------ EXTRACTED DATA

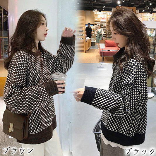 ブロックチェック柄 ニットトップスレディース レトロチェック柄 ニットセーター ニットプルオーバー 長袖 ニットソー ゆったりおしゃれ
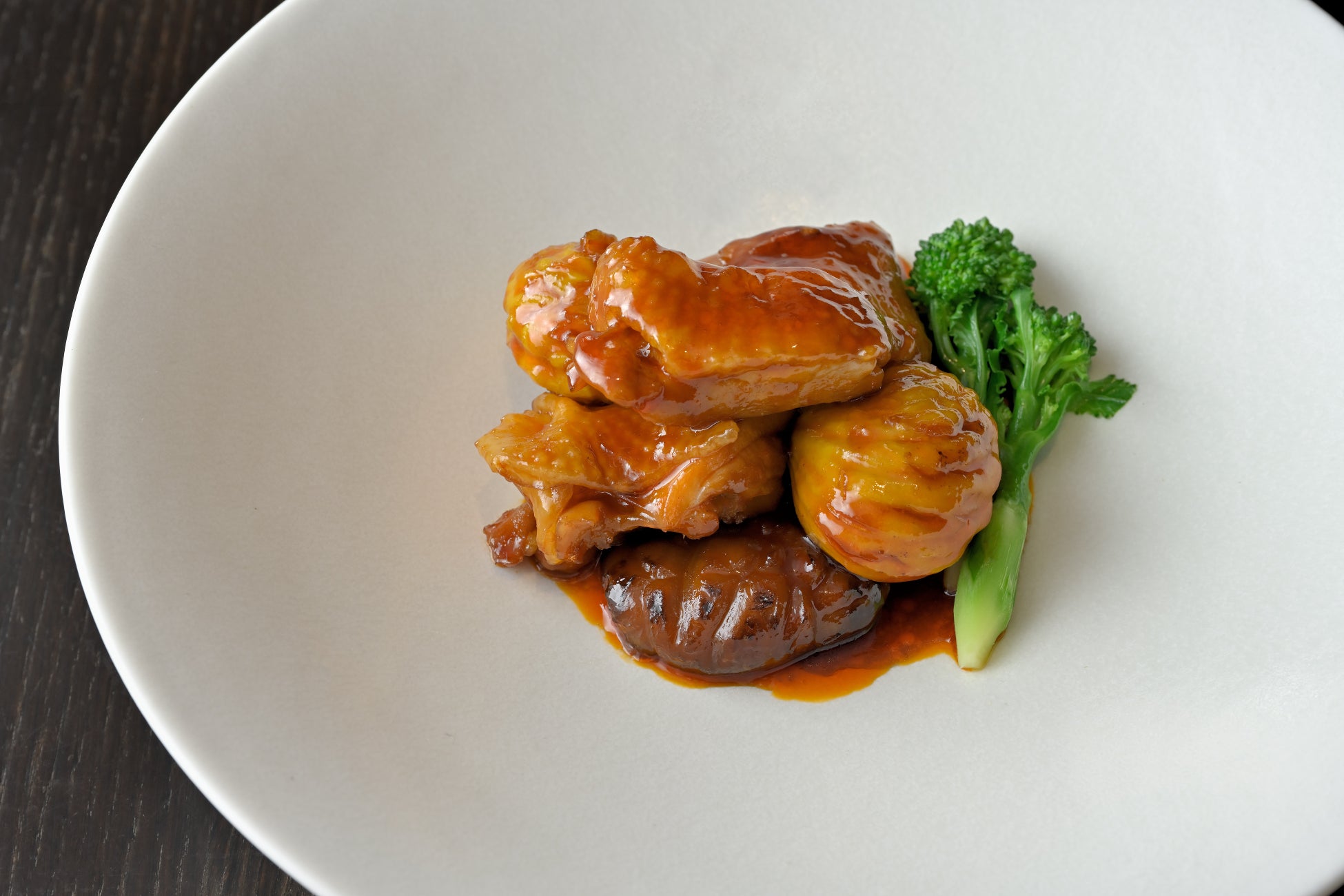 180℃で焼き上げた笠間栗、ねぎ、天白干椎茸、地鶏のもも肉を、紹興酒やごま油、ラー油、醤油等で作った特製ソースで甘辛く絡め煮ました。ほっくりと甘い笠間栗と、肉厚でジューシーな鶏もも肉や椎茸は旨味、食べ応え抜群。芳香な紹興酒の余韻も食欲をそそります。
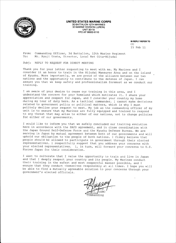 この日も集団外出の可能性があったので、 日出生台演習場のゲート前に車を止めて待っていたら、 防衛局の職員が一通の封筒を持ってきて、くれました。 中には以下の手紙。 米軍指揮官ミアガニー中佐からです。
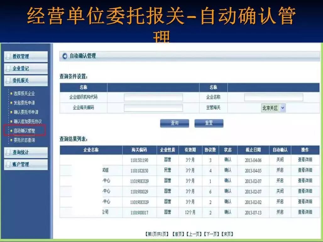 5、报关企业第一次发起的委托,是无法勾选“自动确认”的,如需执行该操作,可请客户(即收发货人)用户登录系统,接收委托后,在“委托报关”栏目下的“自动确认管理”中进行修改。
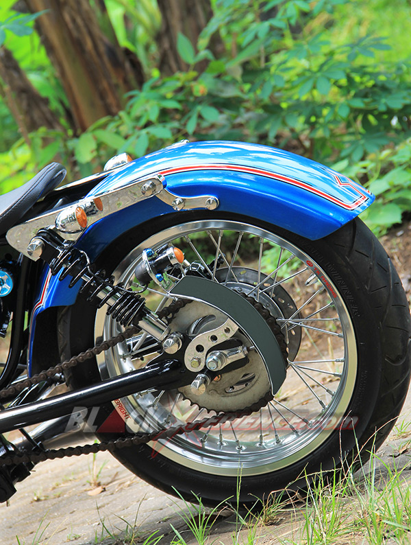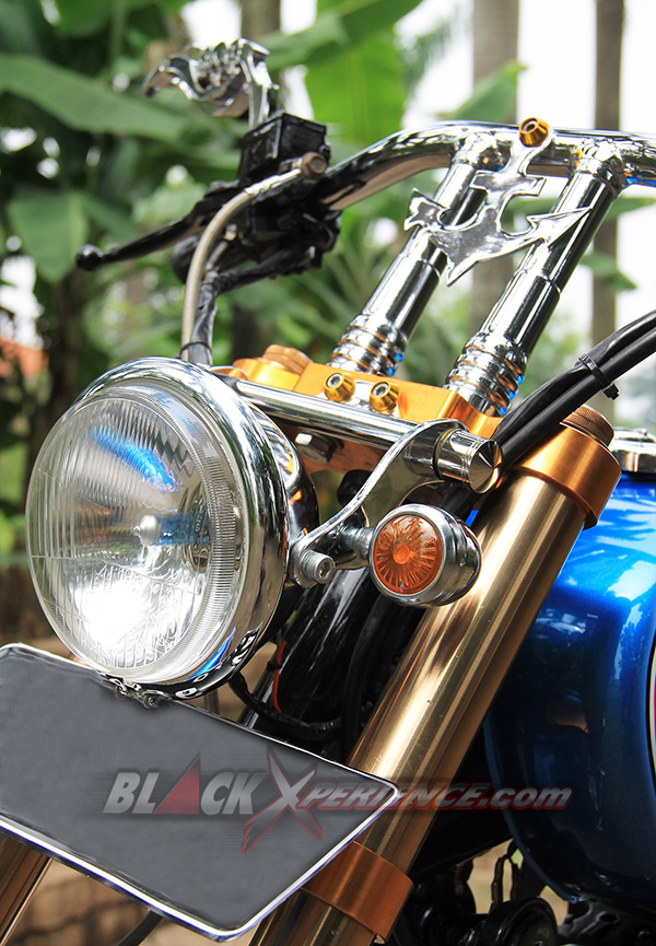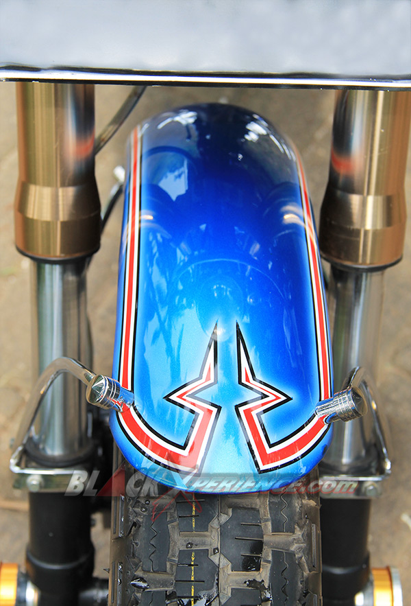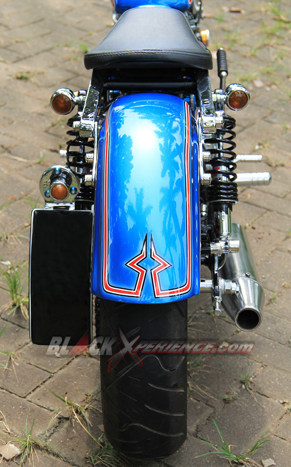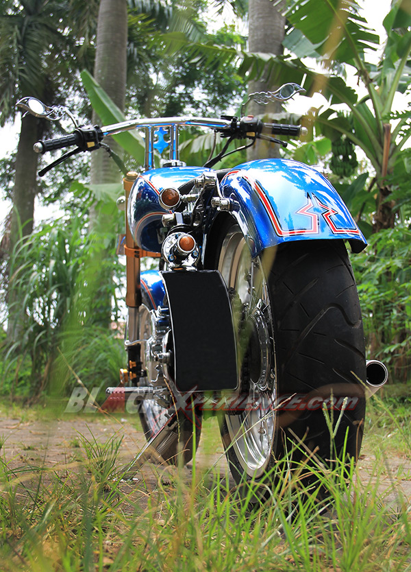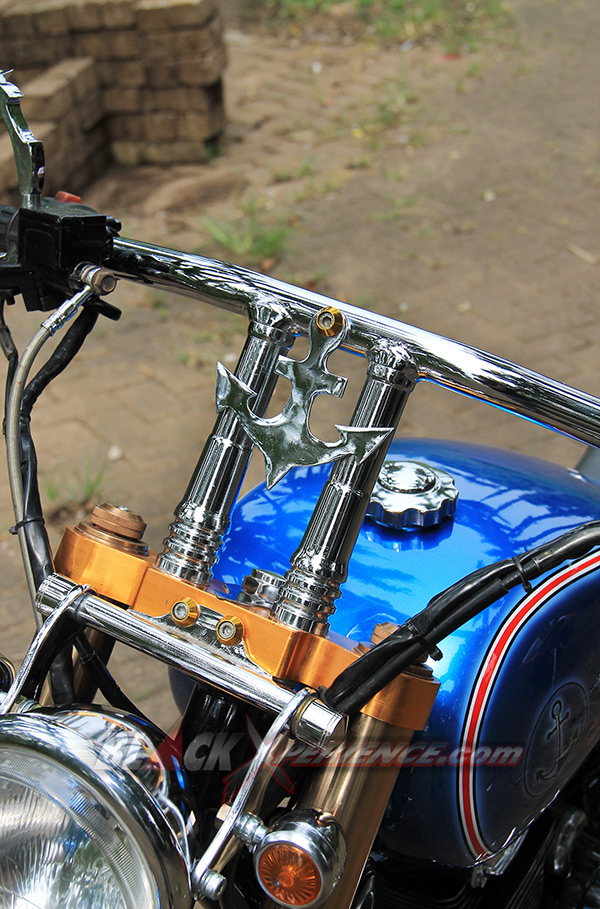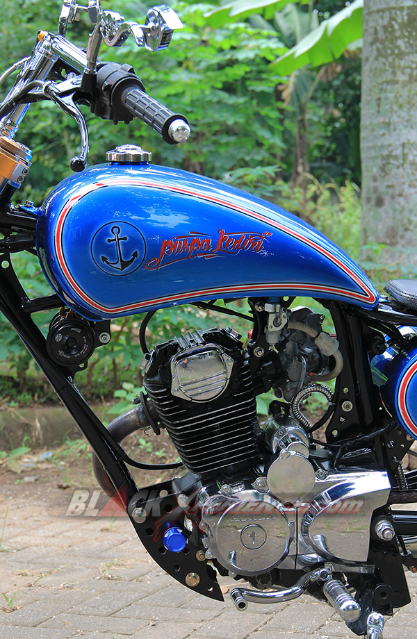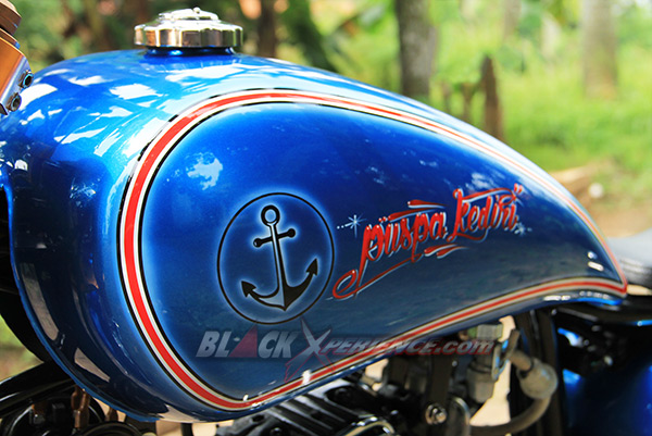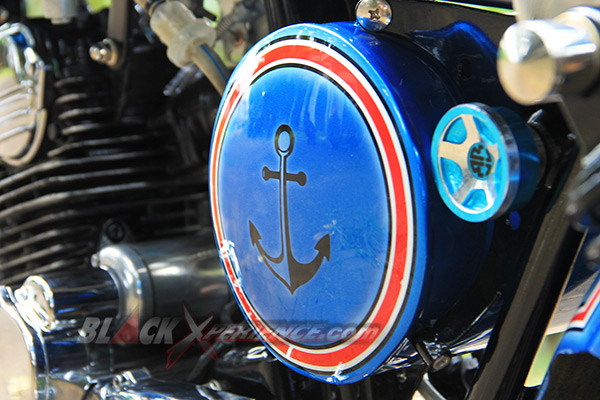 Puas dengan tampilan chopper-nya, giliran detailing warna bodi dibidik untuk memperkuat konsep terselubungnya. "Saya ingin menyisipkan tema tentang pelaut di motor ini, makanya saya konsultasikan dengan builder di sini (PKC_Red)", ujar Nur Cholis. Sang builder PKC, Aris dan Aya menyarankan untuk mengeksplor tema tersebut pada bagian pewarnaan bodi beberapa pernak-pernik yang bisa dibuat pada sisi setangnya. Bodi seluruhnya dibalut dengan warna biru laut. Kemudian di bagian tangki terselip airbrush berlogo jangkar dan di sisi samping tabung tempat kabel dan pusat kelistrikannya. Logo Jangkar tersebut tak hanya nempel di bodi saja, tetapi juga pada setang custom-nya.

------------

### TASK TO COMPLETE
Give an exact copy of the line containing "180℃で焼き上げた笠間栗、" and every line after it through the end of the entries. Pictures are to be dropped.

### RESPONSE FOR THIS EXERCISE
 180℃で焼き上げた笠間栗、ねぎ、天白干椎茸、地鶏のもも肉を、紹興酒やごま油、ラー油、醤油等で作った特製ソースで甘辛く絡め煮ました。ほっくりと甘い笠間栗と、肉厚でジューシーな鶏もも肉や椎茸は旨味、食べ応え抜群。芳香な紹興酒の余韻も食欲をそそります。
 この日も集団外出の可能性があったので、 日出生台演習場のゲート前に車を止めて待っていたら、 防衛局の職員が一通の封筒を持ってきて、くれました。 中には以下の手紙。 米軍指揮官ミアガニー中佐からです。
 5、报关企业第一次发起的委托,是无法勾选“自动确认”的,如需执行该操作,可请客户(即收发货人)用户登录系统,接收委托后,在“委托报关”栏目下的“自动确认管理”中进行修改。
 Puas dengan tampilan chopper-nya, giliran detailing warna bodi dibidik untuk memperkuat konsep terselubungnya. "Saya ingin menyisipkan tema tentang pelaut di motor ini, makanya saya konsultasikan dengan builder di sini (PKC_Red)", ujar Nur Cholis. Sang builder PKC, Aris dan Aya menyarankan untuk mengeksplor tema tersebut pada bagian pewarnaan bodi beberapa pernak-pernik yang bisa dibuat pada sisi setangnya. Bodi seluruhnya dibalut dengan warna biru laut. Kemudian di bagian tangki terselip airbrush berlogo jangkar dan di sisi samping tabung tempat kabel dan pusat kelistrikannya. Logo Jangkar tersebut tak hanya nempel di bodi saja, tetapi juga pada setang custom-nya.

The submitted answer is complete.